Office properties are out of favor, but SL Green has a tasty yield

SL Green (SLG -1.38%) is the biggest office REIT in New York City. It manages 50 buildings with 27.2 million square feet of office and mixed-use space. SL Green has been out of favor since the beginning of the COVID pandemic as investors have been skeptical of office REITs and SL Green in particular. Manhattan office space is expensive, and many industries are leaving the New York City area for tax reasons. In addition, work-from-home has been another drag on the company. 

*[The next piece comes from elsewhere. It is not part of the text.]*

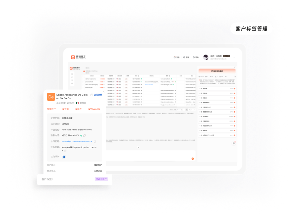 2. 同步存入CRM,标签标记为美国LED客户、首次跟进。
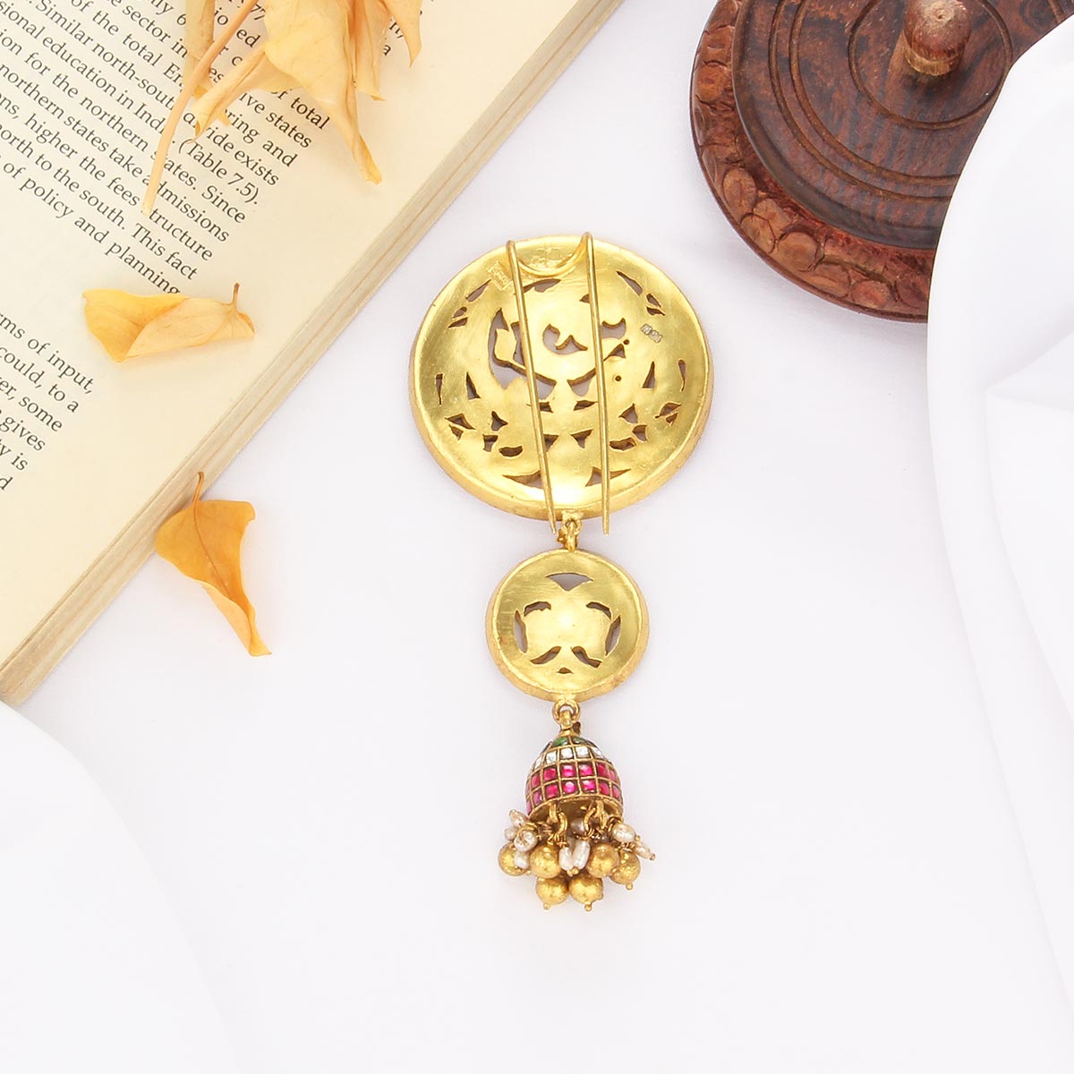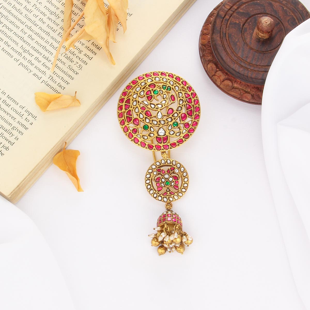 This 92.5 Silver, 24 kt Gold-Plated Jada Billa is adorned with Semi-precious Kundan Stones for a luxurious aesthetic.

While SL Green is out of favor and cheap, it isn’t really in any sort of financial distress. The value of its properties net of debt well exceeds the book value on the balance sheet. The company’s debt load is manageable, and interest expense is well covered. The company has said that funds from operations (FFO) per share will come in between $6.70 and $7.00 per share, which puts the multiple at 6.6 times at the low end of that range. That is pretty cheap for a REIT. In addition, the company pays a $0.311 monthly dividend, which works out to be $3.73 per year. At current levels, that gives SL Green a dividend yield of 8.4%. Given the company’s FFO guidance of at least $6.70 per share, the $3.73 dividend looks well covered. SL Green is one of those companies that is cheap and may well stay cheap for a while, and there is a decent margin of safety.